As Sexton joins forces with Williams in Colorado, Sexton is touring in support of his eighth studio album, “Mixtape of the Open Road,” which was inspired by the kinds of mixtapes friends make for one another (or used to, anyway).

“The songs dictated the mixtape idea as each one of them, kind of like my children, had their own personality and direction,” Sexton said.

Playing with Williams, Sexton said, brings the best out of both of these troubadours.

“(Williams) is one of the most creative people I know and one of the biggest fans of music that I’ve ever met,” Sexton said. “We genuinely have fun playing together and I think we bring out the childlike imagination in one another.”

Williams has released at least one album a year since 1999 — always exploring adventurous new terrain as an artist. Last year he released “Raw,” his first solo all-acoustic guitar record, and “Sync,” an acoustic dance record with his four-piece progressive jazz band KWahtro.

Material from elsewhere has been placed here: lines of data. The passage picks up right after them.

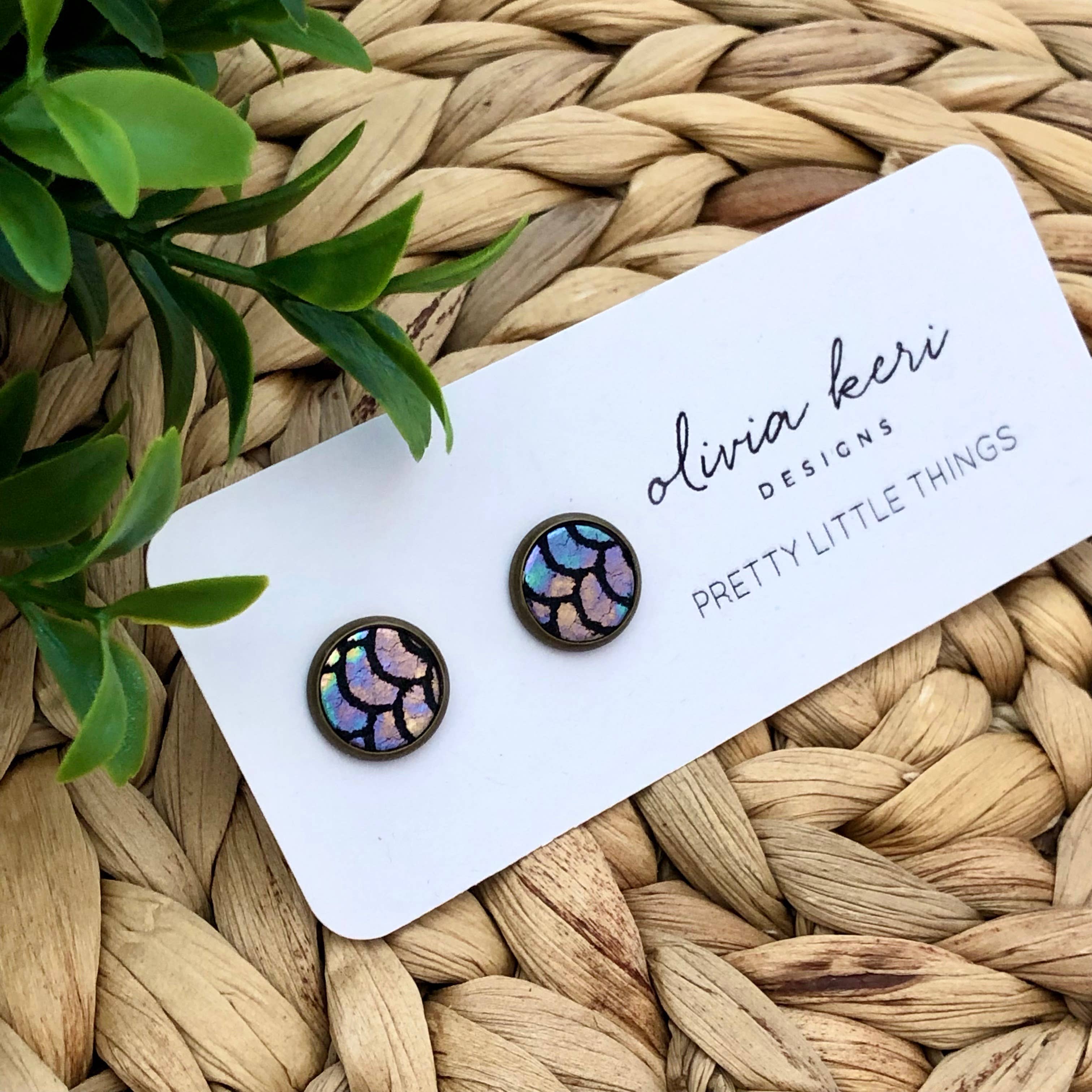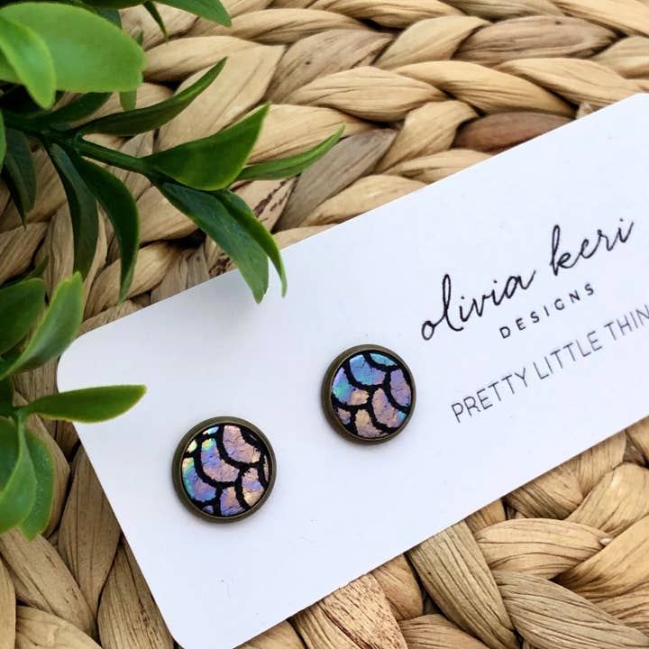 Pretty Little Things Studs - Mermaid Scales: Antique Bronze Setting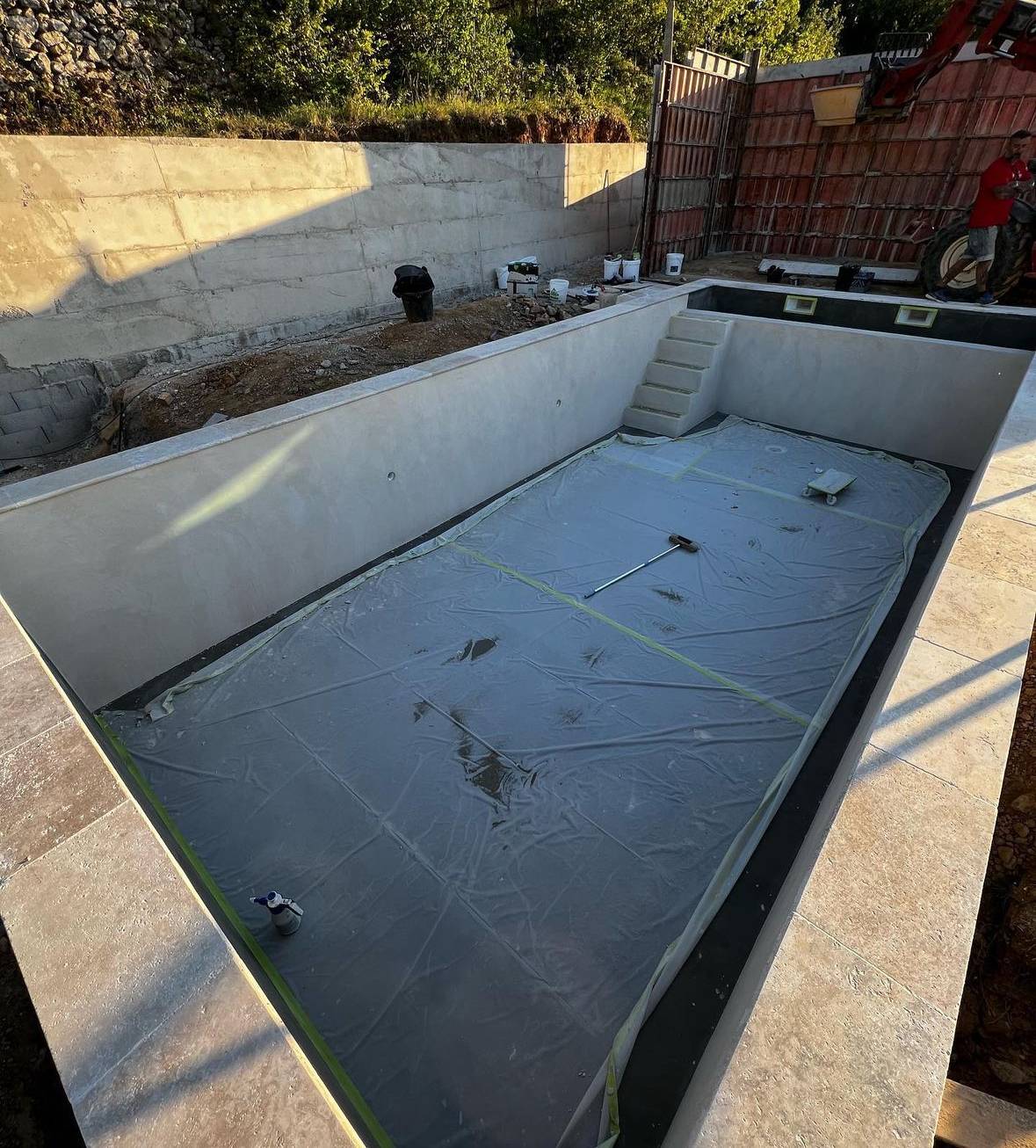 Béton Ciré Piscine a été minutieusement appliqué dans une piscine en construction dans le pittoresque village de Rians, niché dans le Var. L'élégant choix de la couleur beige pour le revêtement confère à l'eau une teinte verte claire qui épouse parfaitement l'environnement naturel environnant. L'harmonie du revêtement en béton ciré de la piscine crée une ambiance sophistiquée et élégante, mettant en valeur le caractère unique de cet espace aquatique.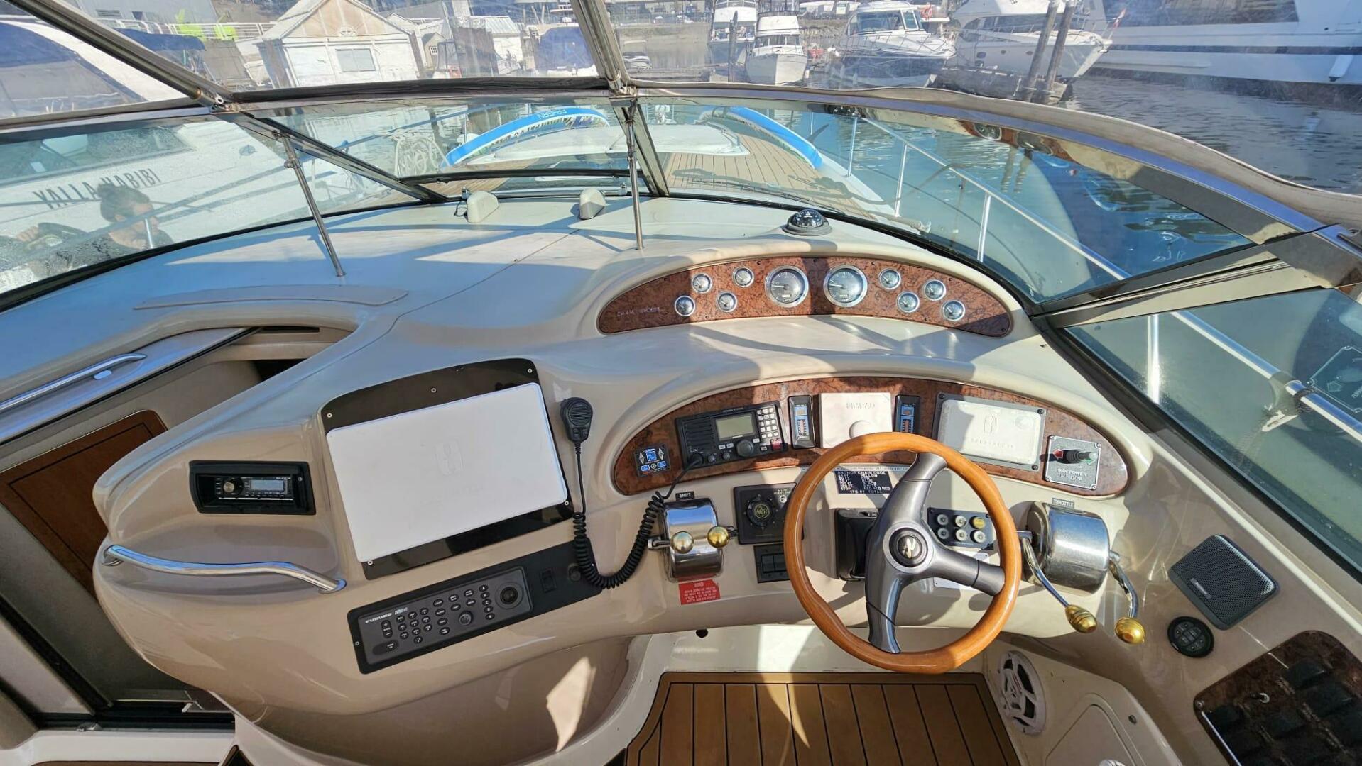 - Captain's Command: A custom sliding/swiveling helm seat with flip-up thigh rise and an ergonomic console puts all controls and advanced electronics at your fingertips.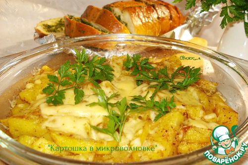 Это вариант рецепта по мотивам приготовления картошки в пакете (причем целлофановом). Сами понимаете, целлофановый пакет - это не очень хорошая идея. Можно пойти и другим путем, использовать рукав для запекания. Но... и тут есть но... У меня, например, они не всегда есть дома. А вот посуда для СВЧ всегда под рукой. Такая картошка выручит в любой ситуации (нужно быстро приготовить ужин или обед, неожиданные гости...)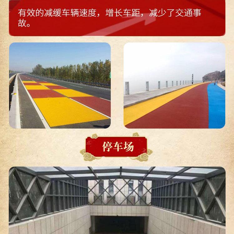 彩色防滑路面增加地面与轮胎之间摩擦的同时降低了车道对汽车轮胎的损伤,不滑不趁,融雪美观、减少了车辆轮胎与车道间磨擦的澡音,降低了普通车道对汽车和汽车轮胎的损伤,阻尼性能,起伏性低。 彩色防滑陶瓷颗粒,采用水尼基材料所以该车道/路 有超长寿命;表面用自热树脂封闭,耐候性特强、具有自洁性;抗重压、耐磨损、易施工.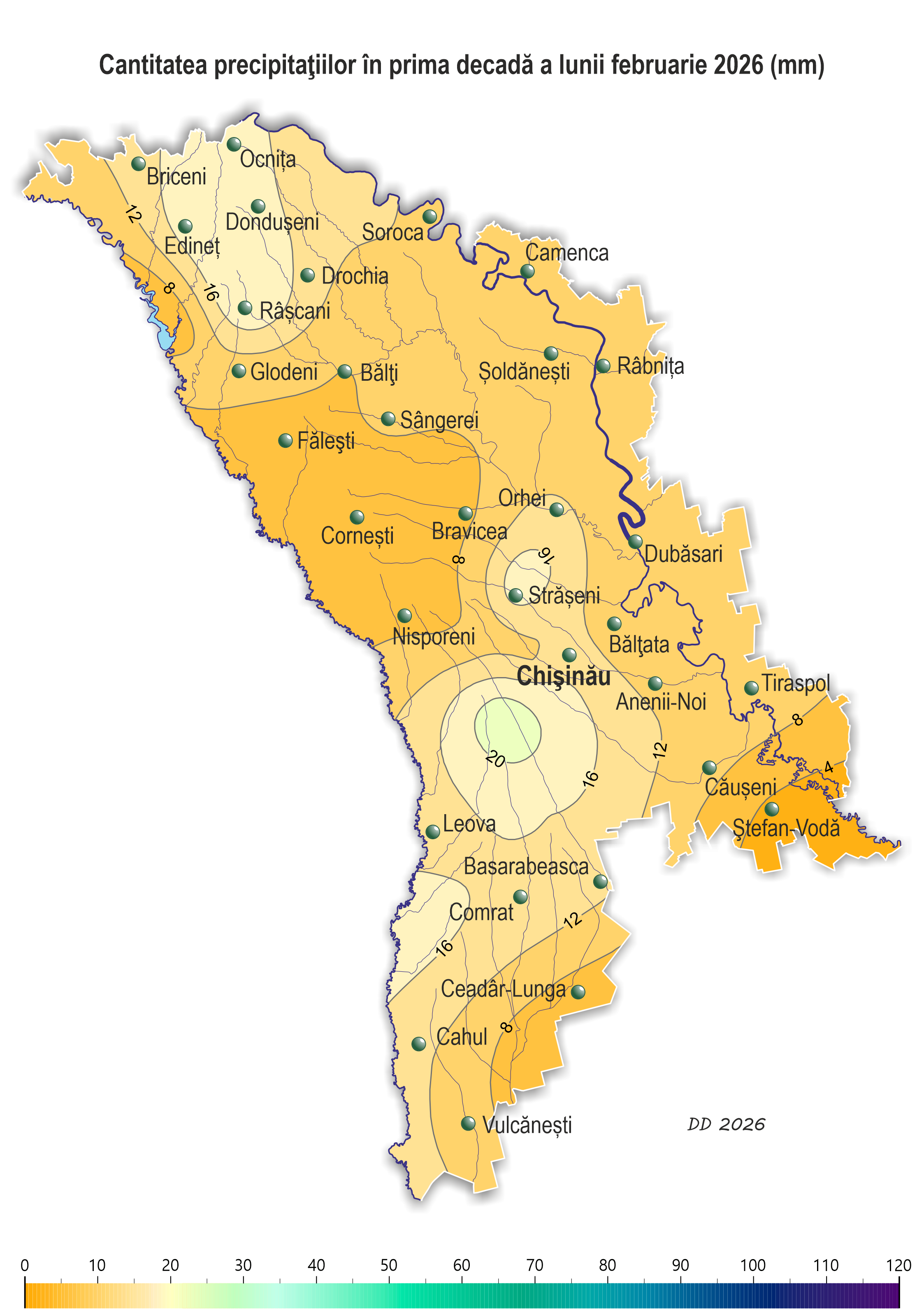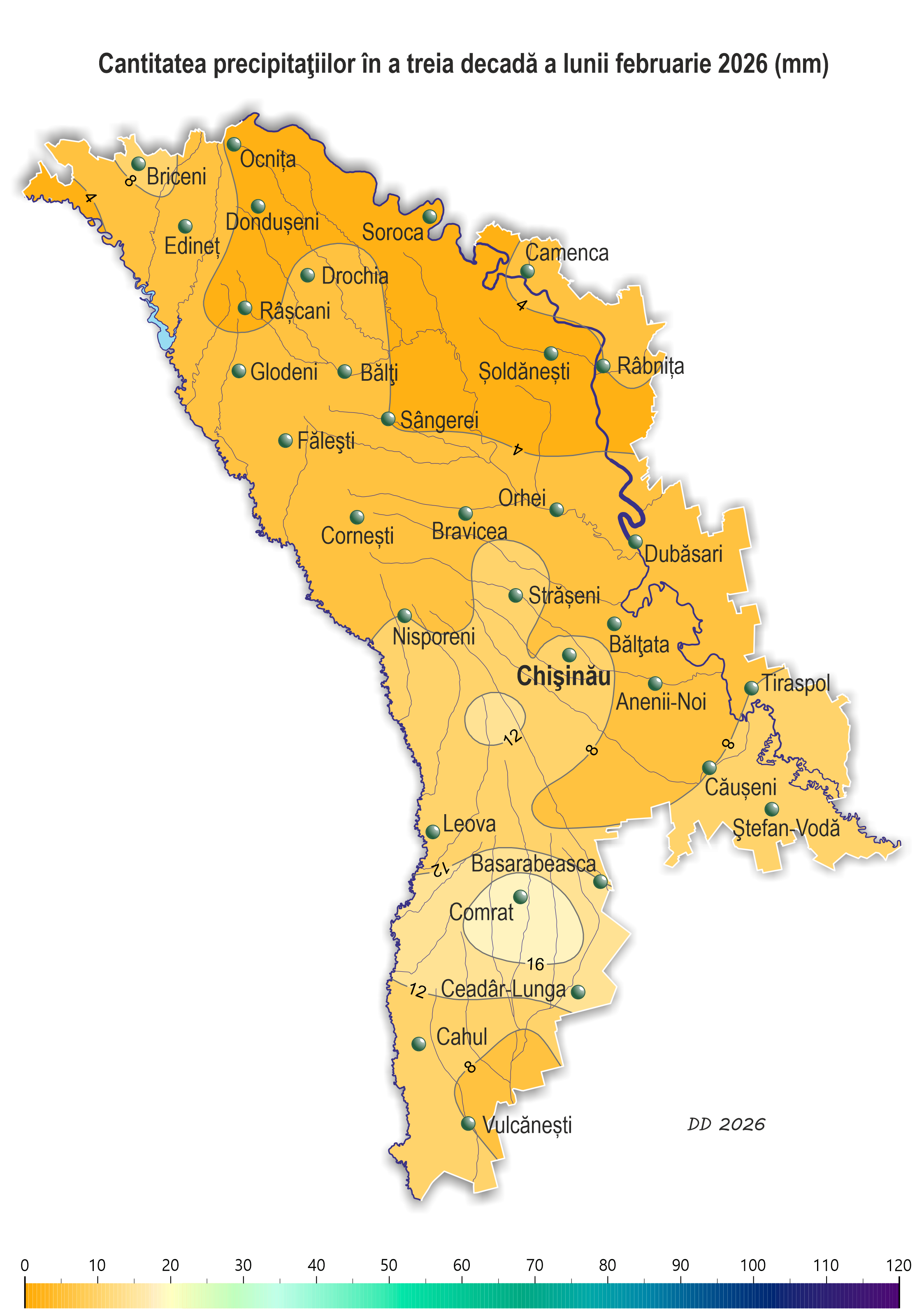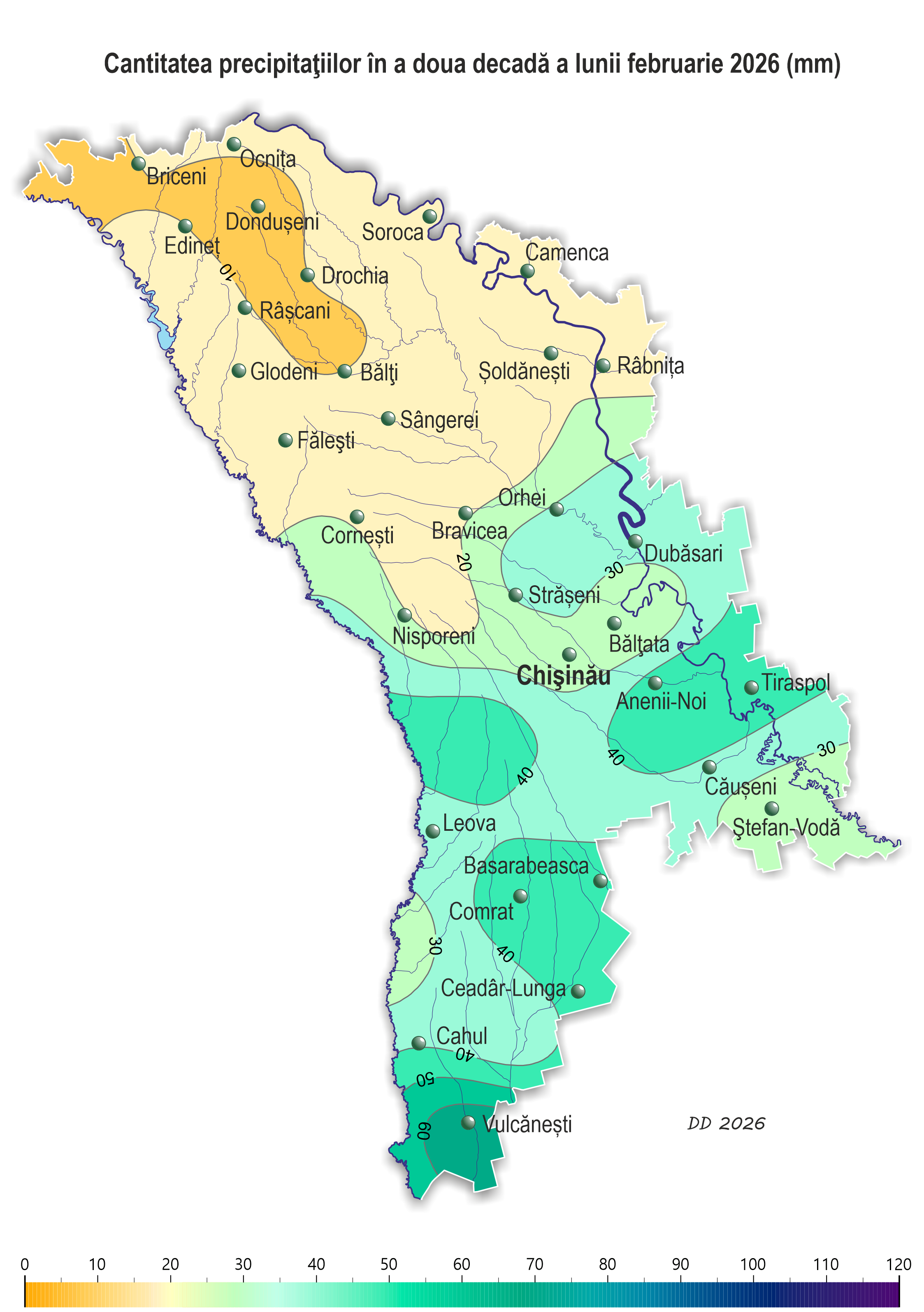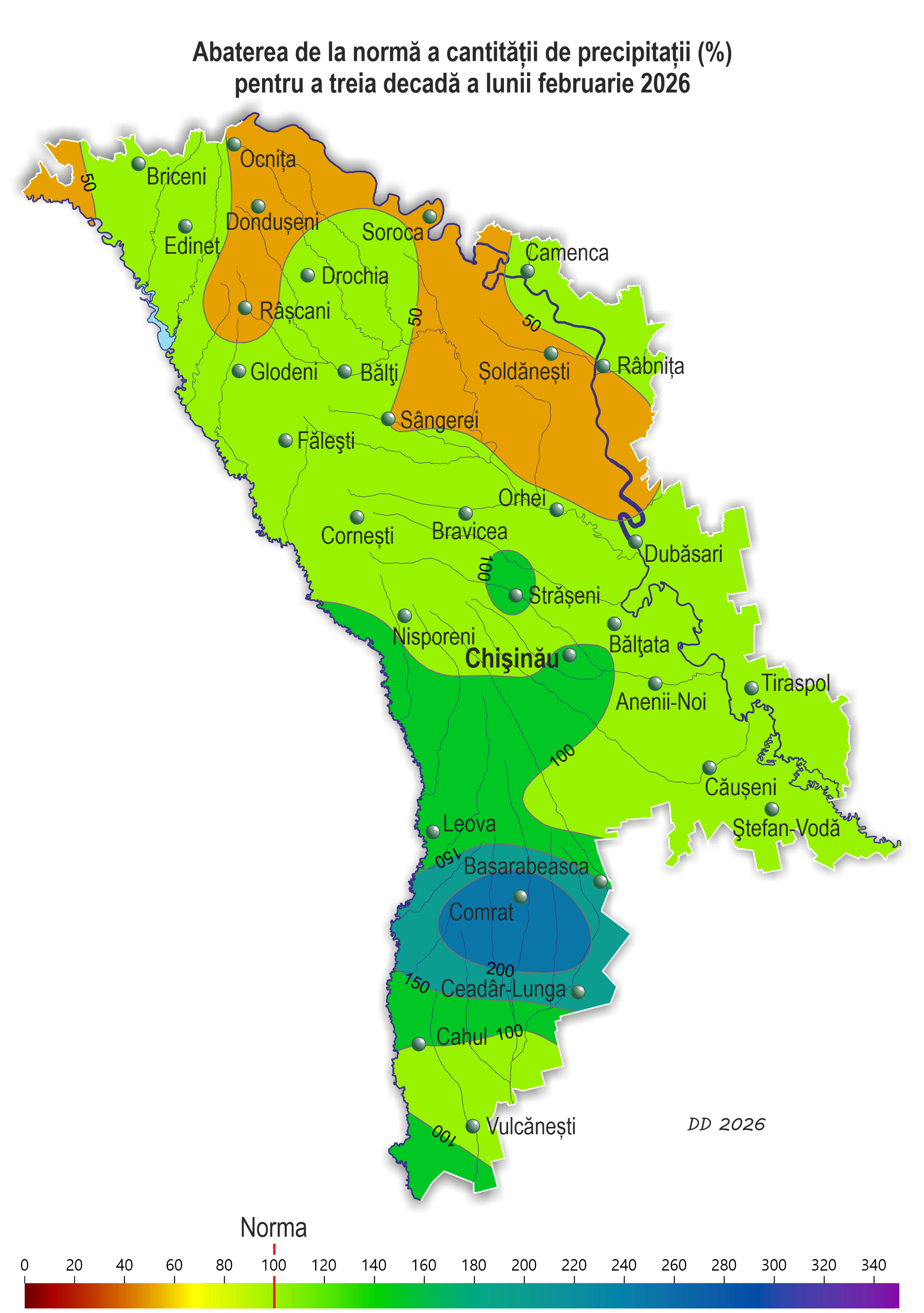 – sud – în fond 8-14 mm (90-175% din norma decadică), iar la SM Comrat – 20 mm (250% din norma decadică).

Willams also released a handful of Tom Petty covers recently, paying tribute to the late rock star, who died in October. Williams did an all-Petty benefit show in Virginia three years ago, dubbed PettyGrass, and revived the material as a tribute following Petty’s death. Williams is taking the Petty tribute on the road this summer with the Hillbenders.

“Petty is one of those guys where I never had a Petty record, but I could sing 15 of his hits front to back, because I grew up listening to the radio,” Williams said. “I think this project is going to be very special and positive — a sing-along type of act that people are going to dig.”

Sexton said that he, too, is considering trying his hand at making an all-covers album for his next project. Williams may play some of the Petty material at the Belly Up show because, as he repeated a few times, “there are no rules” in terms of what might happen onstage during the “Shut the Folk Up” sets.

But, of course, as anyone who has seen Williams play Aspen previously can attest, his love song to snowboarding, “Freshies,” is usually an essential part of the experience.

“It’s hard not to play ‘Freshies’ in a ski town,” he admitted.